Friends and passerbys who saw the remarkable feat happened, thus dubbed that the "Three Doors Down incident" and gave him the nickname which eventually became better known as Theodore.
One of the friends there, was the other woodcutter, whose nickname was "Beater", which the same people, who did not know better, thought that he was such a mucho woodcutter, such that he defeats the woods, thus, "beating them". The truth was, however, more... candid.
Unfortunately for him, he was not quite drunk enough that day, and he instinctively feigned a well-rehearsed apologetic expression, which invited assumptions that he was going to be responsible for everything.
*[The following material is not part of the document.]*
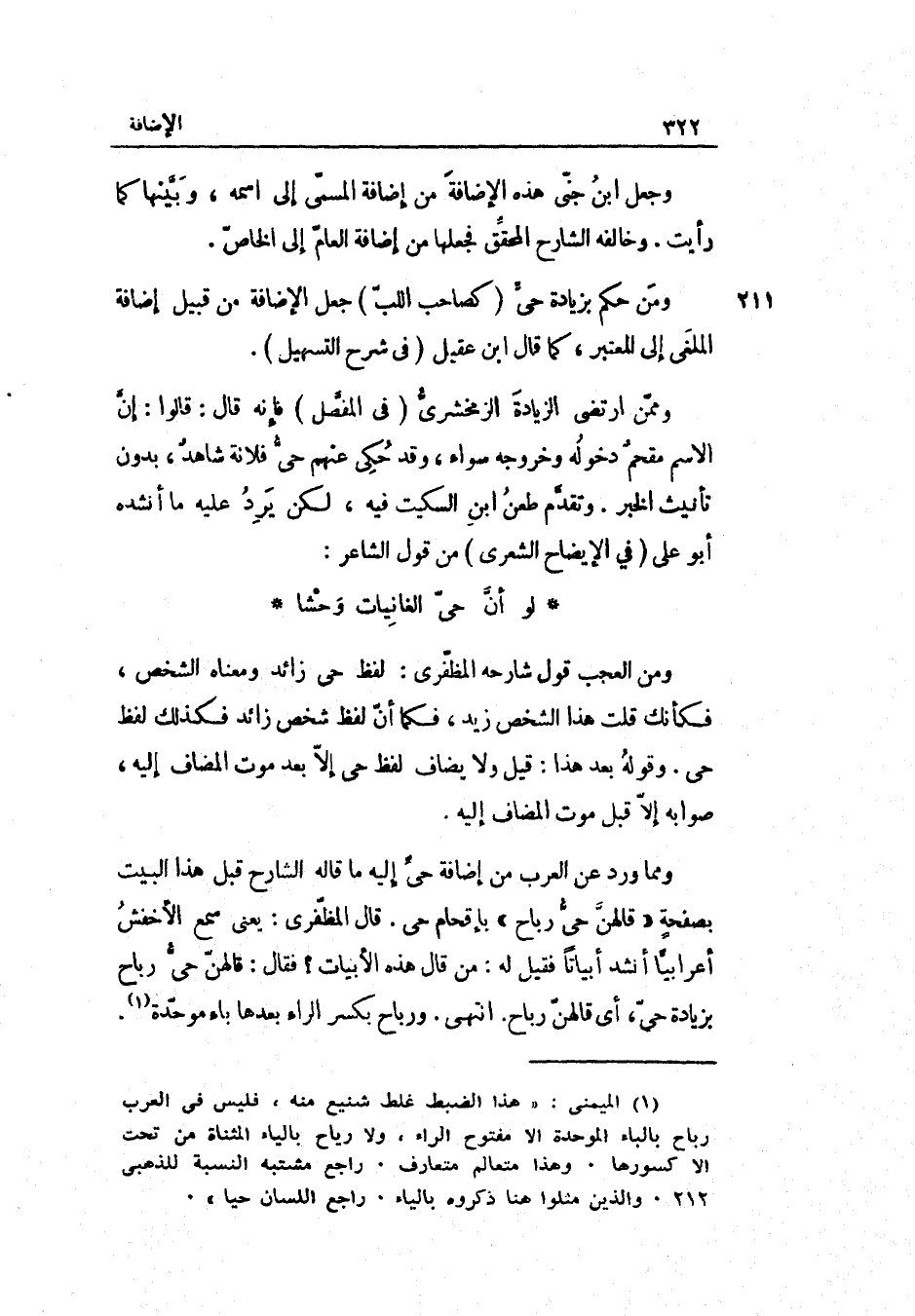 ومّمن ارتضى الزِّيَادَة الزمخشريّ فِي المفصّل فَإِنَّهُ قَالَ: قَالُوا: إنّ الِاسْم مقحمٌ دُخُوله وَخُرُوجه سَوَاء وَقد حُكيَ عَنْهُم حيّ فُلَانَة شاهدٌ بِدُونِ تَأْنِيث الْخَبَر. وتقدّم طعن ابْن السّكيت فِيهِ لَكِن يرد عَلَيْهِ مَا أنْشدهُ أَبُو عَليّ فِي الْإِيضَاح الشعريّ من قَول الشَّاعِر: لَو أنّ حَيّ الغانيات وحشا وَمن الْعجب قَول شَارِحه المظفّري: لفظ حيّ زَائِد وَمَعْنَاهُ الشَّخْص فكأنك قلت: هَذَا الشَّخْص زيد فَكَمَا أنّ لفظ شخص زَائِد فَكَذَلِك لفظ حيّ. وَقَوله بعد هَذَا: قيل وَلَا يُضَاف لفظ حيّ إلاّ بعد موت الْمُضَاف إِلَيْهِ صَوَابه إلاّ قبل موت الْمُضَاف إِلَيْهِ.
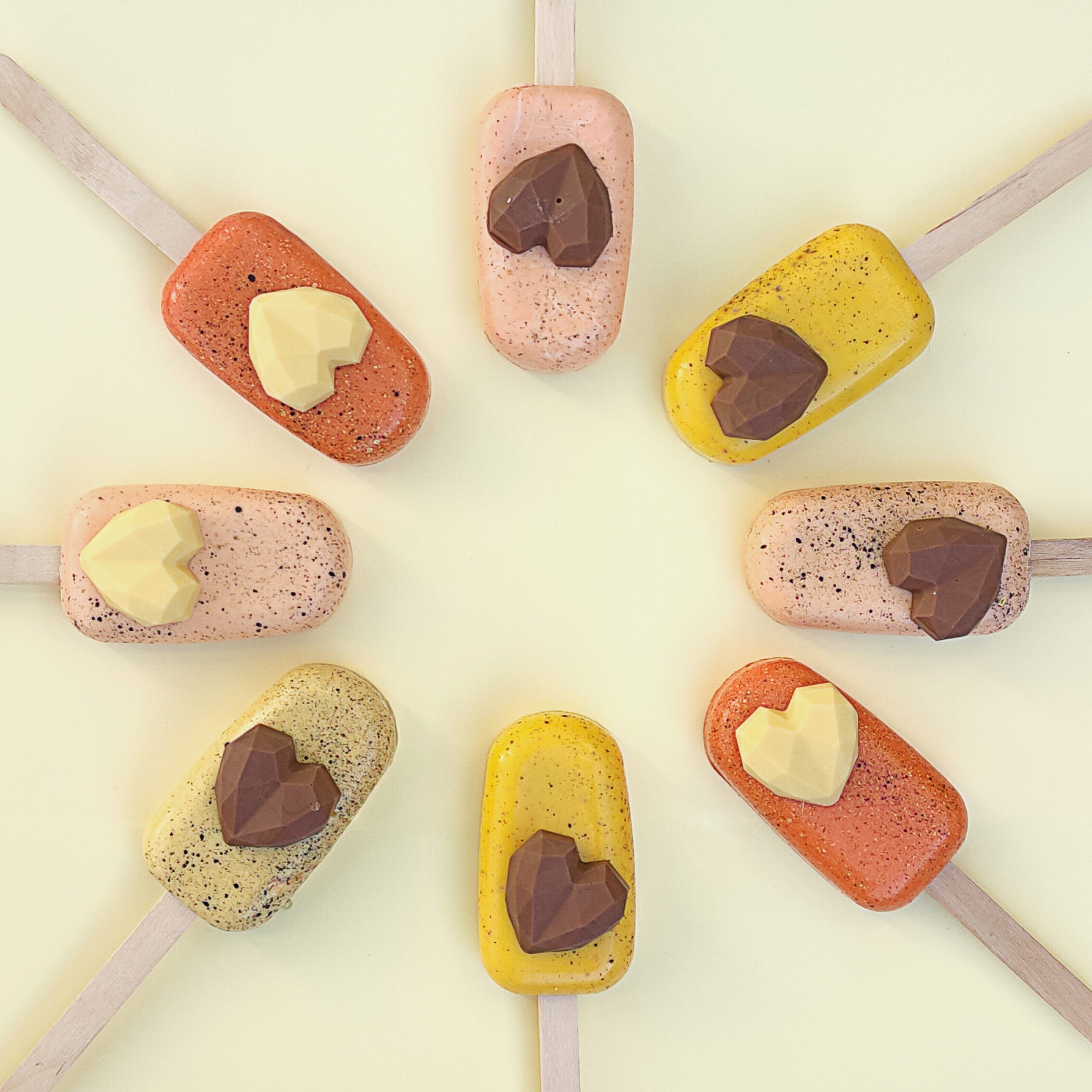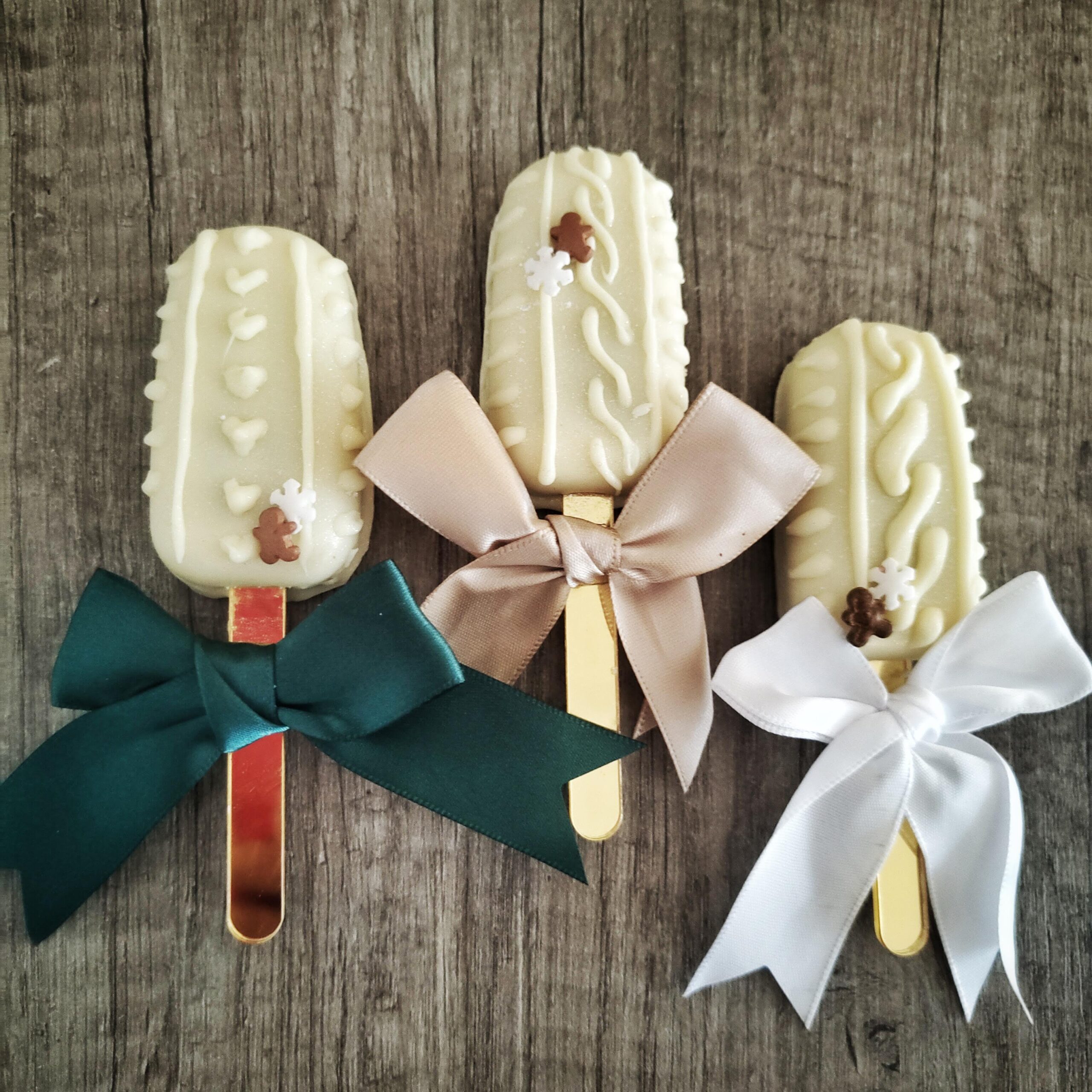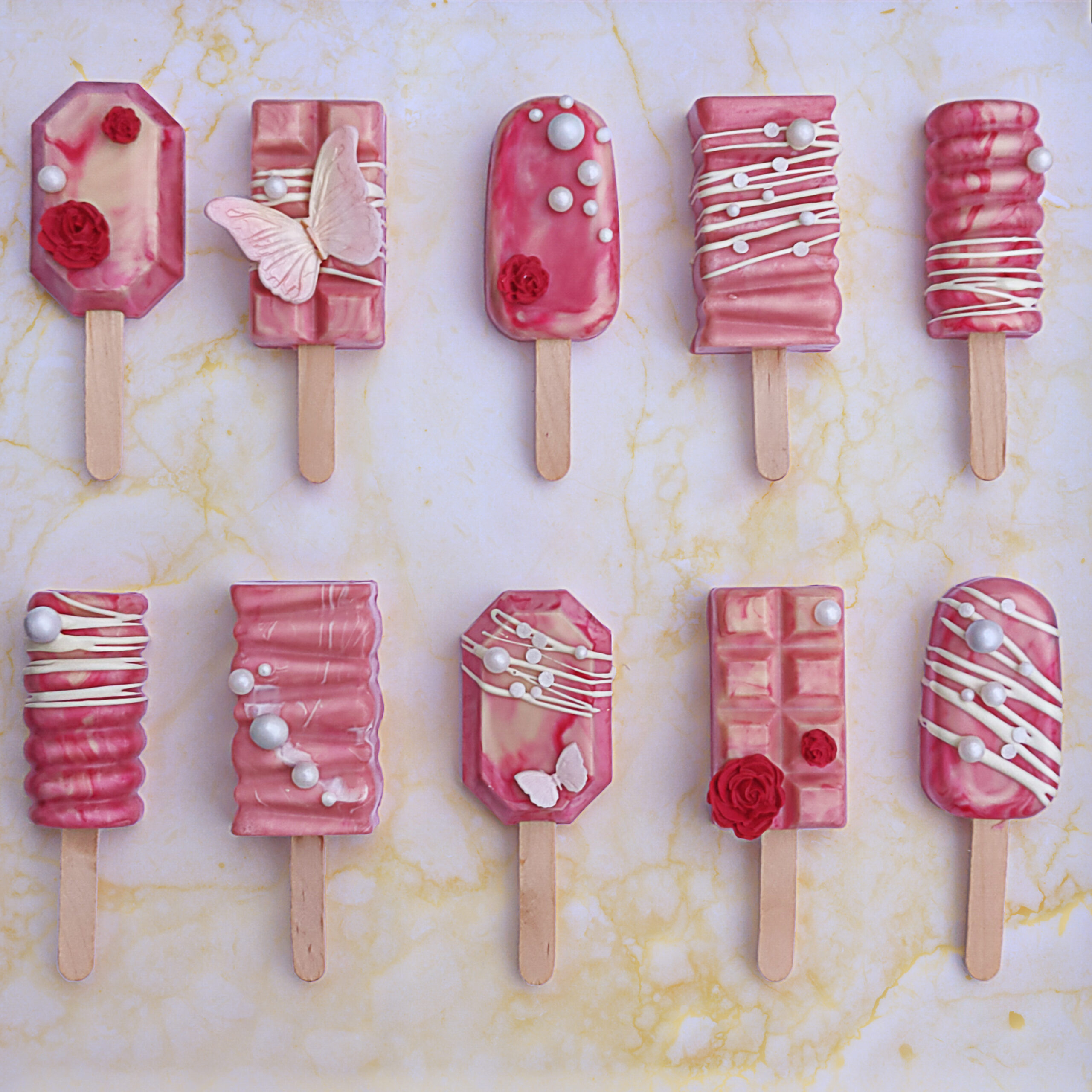 Cakesicles zijn cakejes op een stokje omhuld met witte chocolade, die vaak gekleurd wordt.

Since there was no point in questioning the passed out puker or the other friends who had laughed heartily, and passed out on the ground, or pretended to, the housewives who were the only people at home at the time, came out of the houses, and all gravitated towards Beater, and one of them asked him,
"So, how much are you going to pay us for the doors?"
"Wah, you are so direct and frank!" replied Beater, "Whatever happened to the art of conversation? We are in once upon a time you know. We shouldn't be so forthcoming when we speak. Come, let's beat around the bush a bit."
And with that, he delivered a spectacular demonstration of "beating around the bush" until it was dinner time when all the housewives had to go home to prepare for dinner, and he got out of the mess. Thus, they gave him the nickname "Beater Around the Bush" which eventually became better known as Beater.
As word spread, and the people who did not know better perpetuated their misunderstandings about where their nicknames came from, Theodore's and Beater's businesses thrived, and they could afford to retire rich and retire young, and they drank all the time in the day and the night and tried to always remember to run away after vomitting on people's doors, if not, to pass out together.
They also generously and unreservedly treated their good friend, who wrote this story, to many, many drinks and happy things, and everybody lived happily ever after.